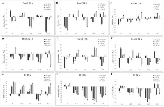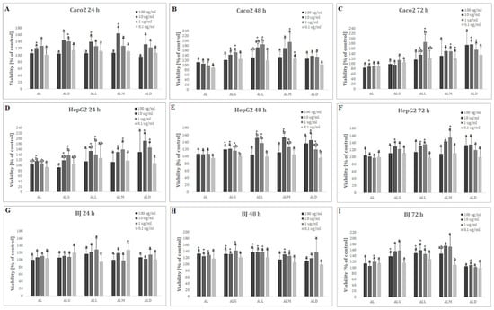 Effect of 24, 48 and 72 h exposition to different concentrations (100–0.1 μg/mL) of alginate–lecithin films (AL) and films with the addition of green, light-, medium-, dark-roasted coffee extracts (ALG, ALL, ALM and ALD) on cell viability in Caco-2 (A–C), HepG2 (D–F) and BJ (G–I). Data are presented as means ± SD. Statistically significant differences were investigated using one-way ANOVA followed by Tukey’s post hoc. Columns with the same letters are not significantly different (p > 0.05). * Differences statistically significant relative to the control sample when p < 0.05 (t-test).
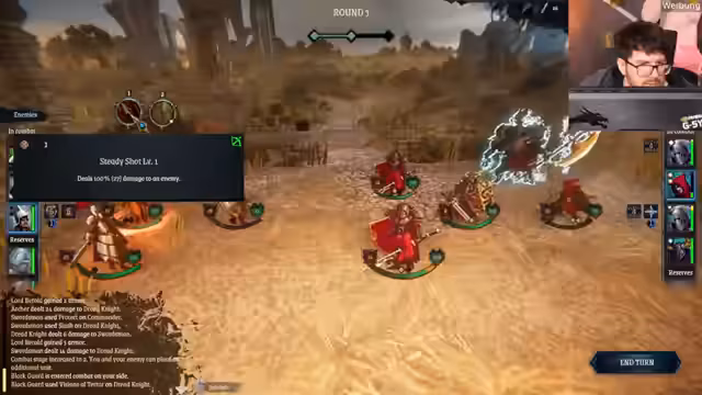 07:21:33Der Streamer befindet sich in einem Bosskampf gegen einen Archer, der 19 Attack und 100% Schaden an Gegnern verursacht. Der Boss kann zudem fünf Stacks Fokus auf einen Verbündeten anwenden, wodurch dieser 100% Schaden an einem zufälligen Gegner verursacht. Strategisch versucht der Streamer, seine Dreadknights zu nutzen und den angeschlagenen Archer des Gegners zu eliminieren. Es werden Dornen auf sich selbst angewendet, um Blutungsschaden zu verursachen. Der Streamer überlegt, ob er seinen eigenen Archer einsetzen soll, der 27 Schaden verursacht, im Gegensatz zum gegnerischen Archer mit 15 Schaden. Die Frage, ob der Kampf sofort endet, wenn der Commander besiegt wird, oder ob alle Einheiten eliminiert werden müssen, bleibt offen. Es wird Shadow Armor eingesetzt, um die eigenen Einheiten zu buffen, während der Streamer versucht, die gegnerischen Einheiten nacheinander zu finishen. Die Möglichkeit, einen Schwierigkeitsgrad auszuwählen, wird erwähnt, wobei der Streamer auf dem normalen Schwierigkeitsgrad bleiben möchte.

★ ★ ★ ★ ★

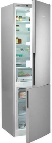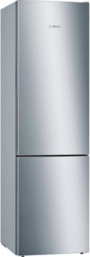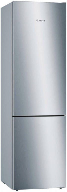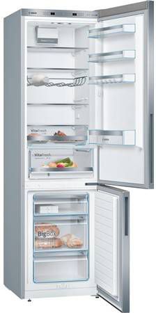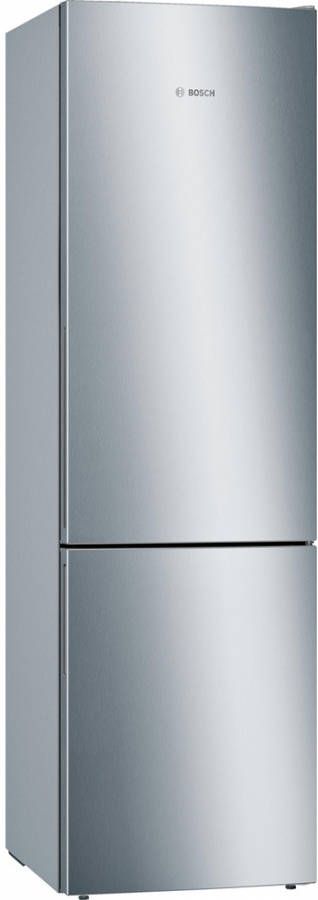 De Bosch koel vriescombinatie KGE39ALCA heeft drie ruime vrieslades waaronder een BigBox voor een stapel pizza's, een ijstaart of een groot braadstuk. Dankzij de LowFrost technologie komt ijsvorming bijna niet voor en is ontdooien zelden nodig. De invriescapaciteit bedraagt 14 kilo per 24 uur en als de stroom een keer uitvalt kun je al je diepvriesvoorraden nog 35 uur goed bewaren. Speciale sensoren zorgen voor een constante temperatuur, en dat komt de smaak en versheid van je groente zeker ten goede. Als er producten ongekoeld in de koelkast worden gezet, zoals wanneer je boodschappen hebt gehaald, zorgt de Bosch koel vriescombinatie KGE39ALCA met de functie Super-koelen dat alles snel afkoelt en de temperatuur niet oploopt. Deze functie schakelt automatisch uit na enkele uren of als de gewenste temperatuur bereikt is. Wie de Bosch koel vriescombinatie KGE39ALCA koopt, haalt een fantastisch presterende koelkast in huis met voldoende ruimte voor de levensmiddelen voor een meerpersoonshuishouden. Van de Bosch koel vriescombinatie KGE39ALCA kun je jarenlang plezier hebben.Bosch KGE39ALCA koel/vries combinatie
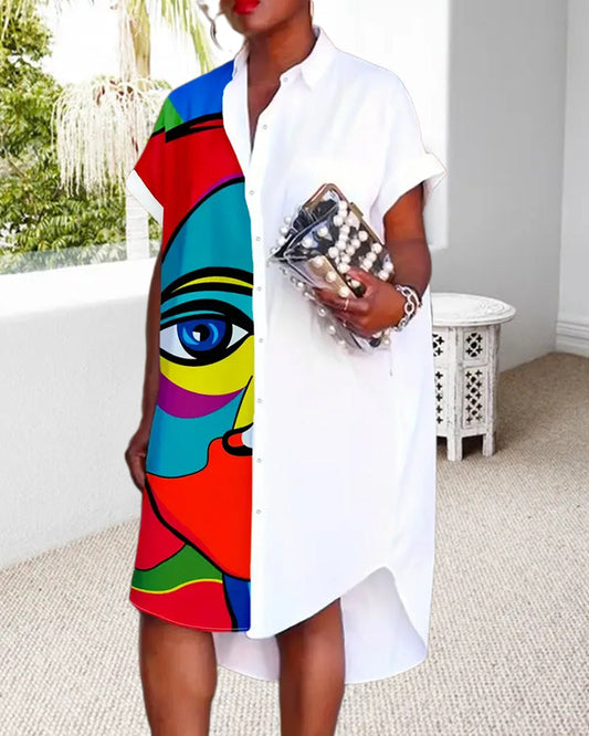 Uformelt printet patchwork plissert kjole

★ ★ ★ ★ ★

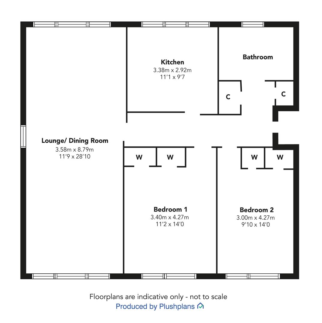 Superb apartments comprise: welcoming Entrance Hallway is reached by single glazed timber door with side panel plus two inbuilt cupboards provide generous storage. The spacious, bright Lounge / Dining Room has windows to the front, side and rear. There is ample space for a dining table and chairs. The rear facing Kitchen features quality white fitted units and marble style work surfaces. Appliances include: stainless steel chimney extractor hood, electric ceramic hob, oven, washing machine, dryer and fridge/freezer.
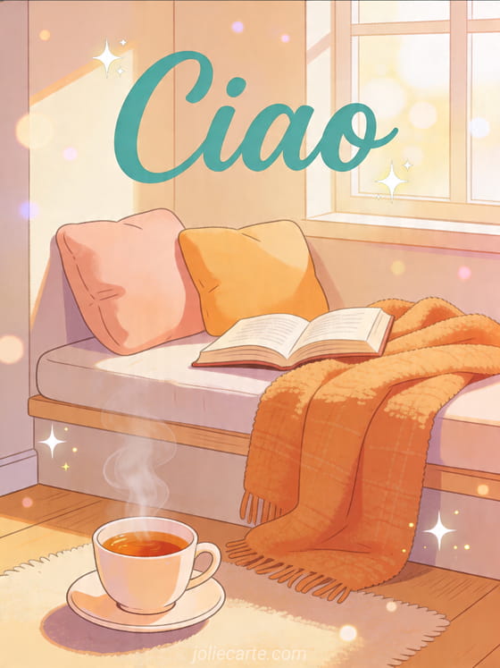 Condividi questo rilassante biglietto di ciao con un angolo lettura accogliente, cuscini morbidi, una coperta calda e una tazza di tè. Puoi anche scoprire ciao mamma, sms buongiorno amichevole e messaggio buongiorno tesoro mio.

★ ★ ★ ★ ★

* _Problem description_
The reply should hold exactly the lines above, starting at the line with "Superb apartments comprise: welcoming" and ending at the line with "Condividi questo rilassante", and no pictures.

* _The answer_
 Superb apartments comprise: welcoming Entrance Hallway is reached by single glazed timber door with side panel plus two inbuilt cupboards provide generous storage. The spacious, bright Lounge / Dining Room has windows to the front, side and rear. There is ample space for a dining table and chairs. The rear facing Kitchen features quality white fitted units and marble style work surfaces. Appliances include: stainless steel chimney extractor hood, electric ceramic hob, oven, washing machine, dryer and fridge/freezer.
 Condividi questo rilassante biglietto di ciao con un angolo lettura accogliente, cuscini morbidi, una coperta calda e una tazza di tè. Puoi anche scoprire ciao mamma, sms buongiorno amichevole e messaggio buongiorno tesoro mio.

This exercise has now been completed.